LINQ works in iterative steps and after call to Select(dr => dr.Field<string>("MergedName").Replace("'", "''")) you next expresion works with collection of strings. And there in no method .Field on String type

I guess you could try simplifying C.Field<string>("MergedName").ToLower()in your where clause to C.ToLower()

You are also not doing any grouping in your second statement so Select(g => g.Key) wont work, because there is no Key property on String type either.

This addresses only syntax, your Where clause still looks pretty weird. You are comparing each string to itself.

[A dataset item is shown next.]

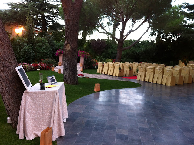 Según fueron llegando los invitados se les repartió un tarjetón dándoles la bienvenida de parte de los novios. Cuando la ceremonia civil estaba acabando se repartieron pétalos a todos los presentes, y también unos pomperos muy graciosos con forma de botellas de cava que causaron sensación.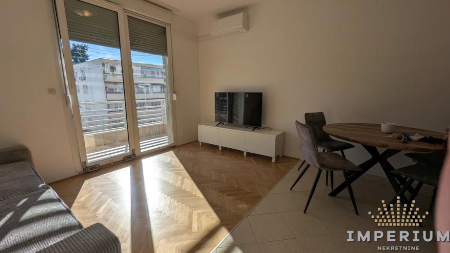 Stan se sastoji od ulaznog dijela, dnevnog boravka, kuhinje s blagavaonom, dvije spavaće sobe, kupaonice i balkona.

You could try something like

var names = result.AsEnumerable()
            .Select(dr => dr.Field<string("MergedName").Replace("'", "''").ToLower().Trim())
            .ToList(); //ToList not necessary here, but could prevent multiple executions of the expresion


var duplicates = names.Where(n => names.Any(m => n.IndexOf(m) != -1)) //quadratic complexity
            .ToList();

Just put your own condition into Any part of the last statement, you have two strings m and n there and can compare them however you wish.
This is definitely not the best performing solution of your problem, but it uses LINQ as in your questinon and is easy to write and understand.

After clarification:

var enumerableResult = result.AsEnumerable();
var duplicates = enumerableResult.
                .Where(dr => enumerableResult.Any(dr2 => /*your comparison*/)
                .ToList();

comparison could be something like:

dr.Field<string>("MergedName").Replace("'", "''").Trim().ToLower().IndexOf(dr2.Field<string>("MergedName").Replace("'", "''").Trim().ToLower()) != -1

This condition is based on the one in your question, not the one in your comment. But you dont need to use this inline sytax and can call some custom method, so it would look like .Any(dr2 => AreSamePerson(dr, dr2))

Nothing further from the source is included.